An Introduction to Classification and Regression Trees | Online Statistics library

When the relationship between a set of predictor variables and a response variable is linear, methods like multiple linear regression can produce accurate predictive models.

However, when the relationship between a set of predictors and a response is highly non-linear and complex then non-linear methods can perform better.

One such example of a non-linear method is classification and regression trees, often abbreviated CART.

As the name implies, CART models use a set of predictor variables to build decision trees that predict the value of a response variable.

For example, suppose we have a dataset that contains the predictor variables Years played and average home runs along with the response variable Yearly Salary for hundreds of professional baseball players.

Here’s what a regression tree might look like for this dataset:

Example of a regression tree

The way to interpret the tree is as follows:

Players with less than 4.5 years played have a predicted salary of $225.8k.
Players with greater than or equal to 4.5 years played and less than 16.5 average home runs have a predicted salary of $577.6k.
Players with greater than or equal to 4.5 years played and greater than or equal to 16.5 average home runs have a predicted salary of $975.6k.

The results of this model should intuitively make sense: Players with more years of experience and more average home runs tend to earn higher salaries.

We can then use this model to predict the salary of a new player.

For example, suppose a given player has played 8 years and averages 10 home runs per year. According to our model, we would predict that this player has an annual salary of $577.6k.

CART model

A couple notes about the tree:

The first predictor variable at the top of the tree is the most important, i.e. the most influential in predicting the value of the response variable. In this case, years played is able to predict salary better than average home runs.
The regions at the bottom of the tree are known as terminal nodes. This particular tree has three terminal nodes.

Steps to Build CART Models

We can use the following steps to build a CART model for a given dataset:

Step 1: Use recursive binary splitting to grow a large tree on the training data.

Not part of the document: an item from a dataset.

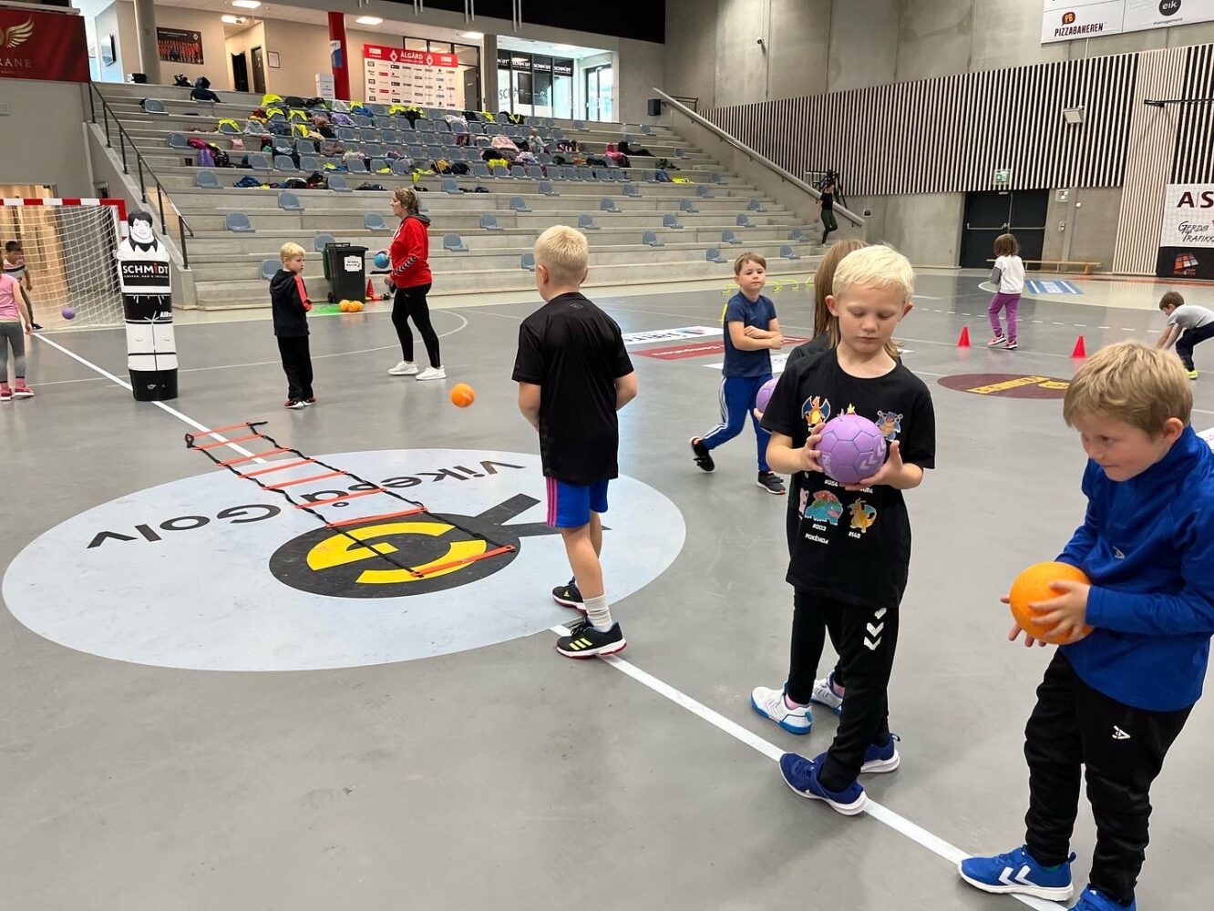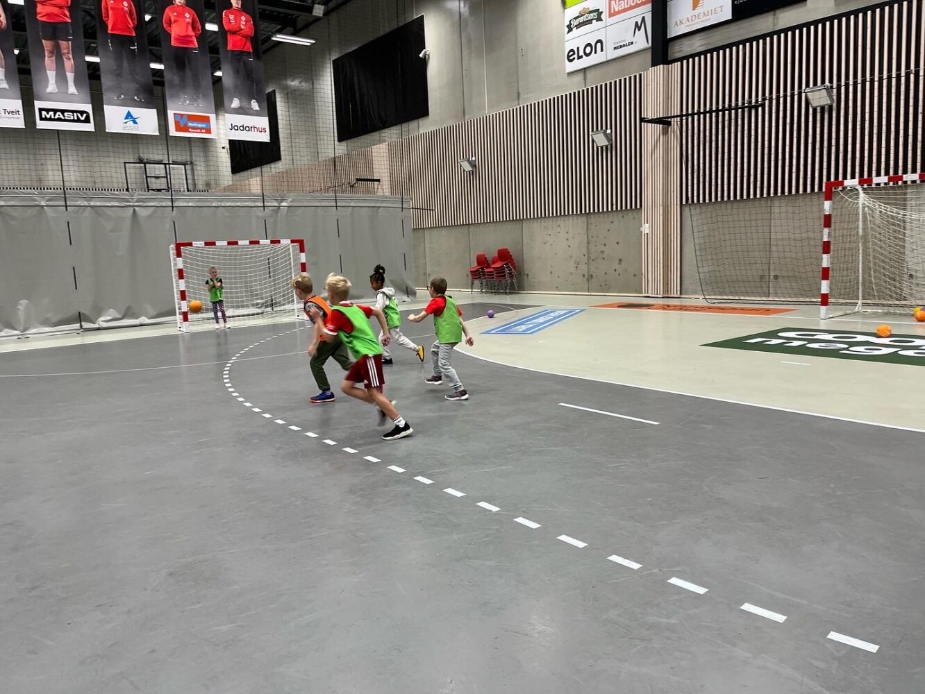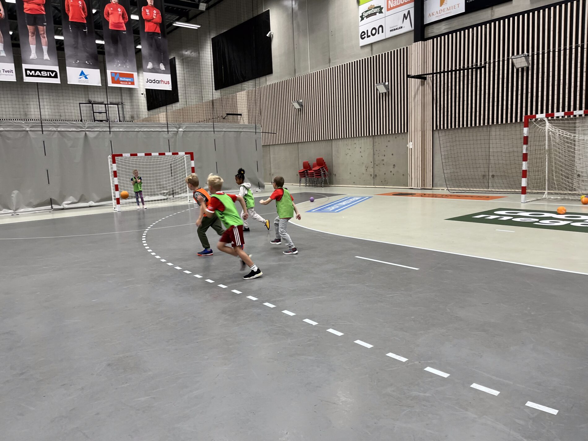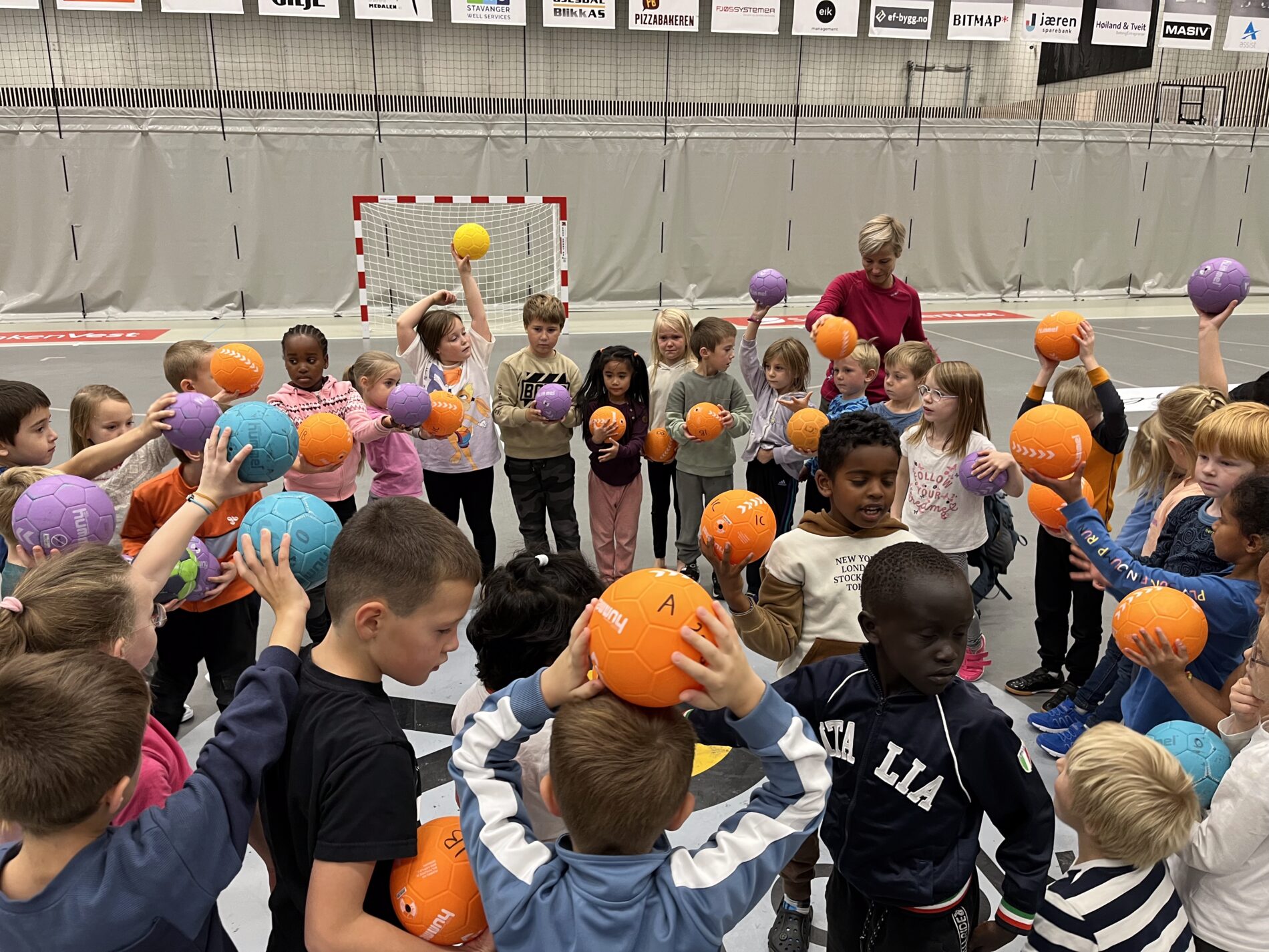 Kjekt å se så mange barn i hallen med ball.

First, we use a greedy algorithm known as recursive binary splitting to grow a regression tree using the following method:

Consider all predictor variables X₁, X₂, … , X_p and all possible values of the cut points for each of the predictors, then choose the predictor and the cut point such that the resulting tree has the lowest RSS (residual standard error).
- For classification trees, we choose the predictor and cut point such that the resulting tree has the lowest misclassification rate.
Repeat this process, stopping only when each terminal node has less than some minimum number of observations.

This algorithm is greedy because at each step of the tree-building process it determines the best split to make based only on that step, rather than looking ahead and picking a split that will lead to a better overall tree in some future step.

Step 2: Apply cost complexity pruning to the large tree to obtain a sequence of best trees, as a function of α.

Once we’ve grown the large tree, we then need to prune the tree using a method known as cost complexity pruning, which works as follows:

For each possible tree with T terminal nodes, find the tree that minimizes RSS + α|T|.
Note that as we increase the value of α, trees with more terminal nodes are penalized. This ensures that the tree doesn’t become too complex.

This process results in a sequence of best trees for each value of α.

Step 3: Use k-fold cross-validation to choose α.

Once we’ve found the best tree for each value of α, we can apply k-fold cross-validation to choose the value of α that minimizes the test error.

Step 4: Choose the final model.

Lastly, we choose the final model to be the one that corresponds to the chosen value of α.

Pros & Cons of CART Models

CART models offer the following pros:

They are easy to interpret.
They are easy to explain.
They are easy to visualize.
They can be applied to both regression and classification problems.

However, CART models come with the following con:

They tend to not have as much predictive accuracy as other non-linear machine learning algorithms. However, by aggregating many decision trees with methods like bagging, boosting, and random forests, their predictive accuracy can be improved.